Ghosts is not a moralizing sermon of a play, it is a satire of a society that prefers covering up ugly truths with homilies and burying one’s head in the sand rather than facing up to reality. Even though the tale is a tragic one, satires should be funny, and almost every opportunity that the playwright offered up was dropped on the floor by this director.

The cast of five is almost equally balanced between tragic and comic figures. The main characters are poor Oswald Alving, now dying of congenital syphilis and his mother Helen, who married too young and too enthrall to the church (and a particular pastor) to live the full life that her husband desired. She suffered an unhappy marriage and the shame of watching a bastard child of a maid grow up in her household. While these two are the main tragic figures, they have their moments of humor as well. as Oswald is a virgin and therefore can’t figure out how he has syphilis, and Helen is still carrying a torch for her priest, and ironically founding a home for bastard children in her husband’s honor.

On the other side of the equation, we have two comic characters, Jacob Engstrand, an old reprobate who always manages to come out looking like a rose, and his adopted daughter, Regina, whose figure is newly busting at the seams and who is looking for opportunities to turn it to her advantage.

Caught in the middle is the main object of Ibsen’s satire, Pastor Manders, who is a lily-livered moralist more concerned with his own image in society than in doing the right thing.
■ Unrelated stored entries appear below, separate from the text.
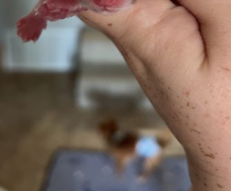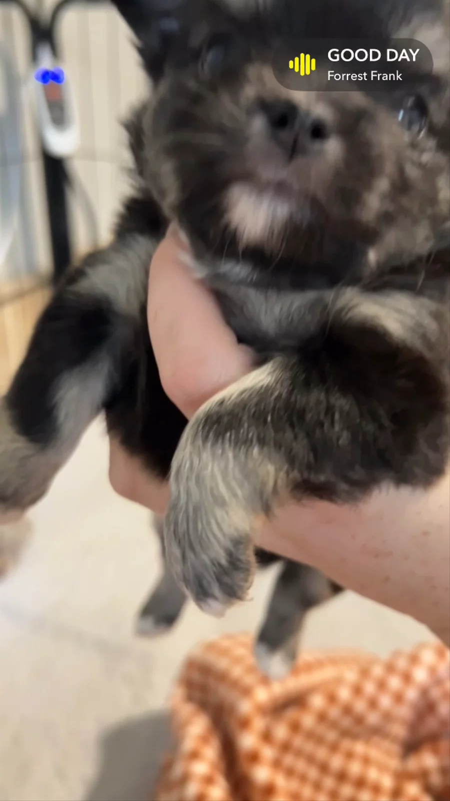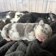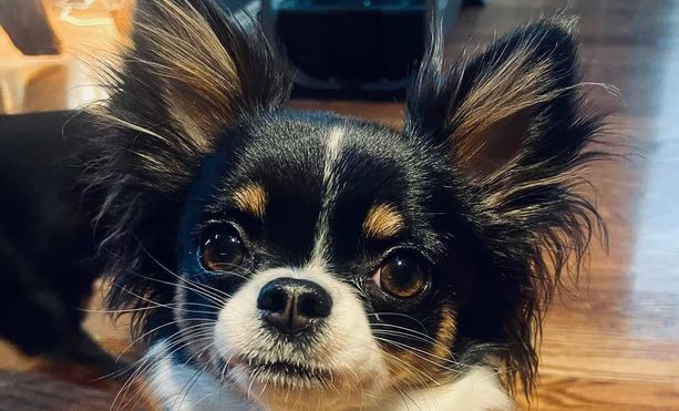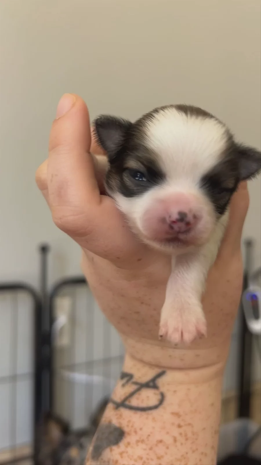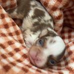 Cardi lives up to her name, very jealous. She’s our needy, snack stealin, pillow hoggin, shoulder perched parrot. She’s a Black Merle long coat, coat is very mid and super soft. Not thick at all, just visibly long. 75% of her children have her antenna ears, we are OBSESSED. 🤍🖤
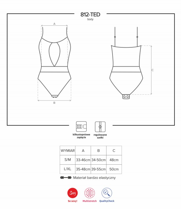 Боди застегивается на промежности, при помощи металлических крючков
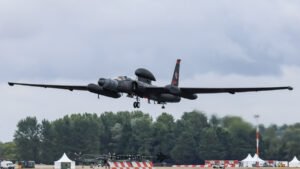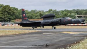 International partners added depth and color to the program. Rotary displays from the Czech Air Force, German Army, Swedish Air Force, and Portugal’s Merlin Mk514 brought variety and flair, while fixed‑wing contributions ranged from France’s charismatic Atlantique ATL2 to the United States Air Force’s extraordinary full demonstration of the U‑2S reconnaissance aircraft. National teams such as Italy’s Frecce Tricolori, the Royal Jordanian Falcons, and Slovenia’s PC‑9M Hudournik reinforced RIAT’s global character, each display combining skill with cultural identity.

He’s very much in the mold of Torvald Helmer, Nora’s husband in A Doll’s House, but without any of Torvald’s redeeming characteristics. He scolds Mrs. Alving for allowing her son to become an artist, and is constantly bamboozled by old Engstrand.

Engstrand’s machinations to become proprietor of a bawdy house (carefully disguised as a home for wayward sailors) and Regina’s attempts to flaunt her assets are both ripe for comic relief from the tragic illness of Oswald, but Moshinsky will have none of that. Gloom and darkness there is aplenty, but the dark humor that sparkles in the text is completely missing.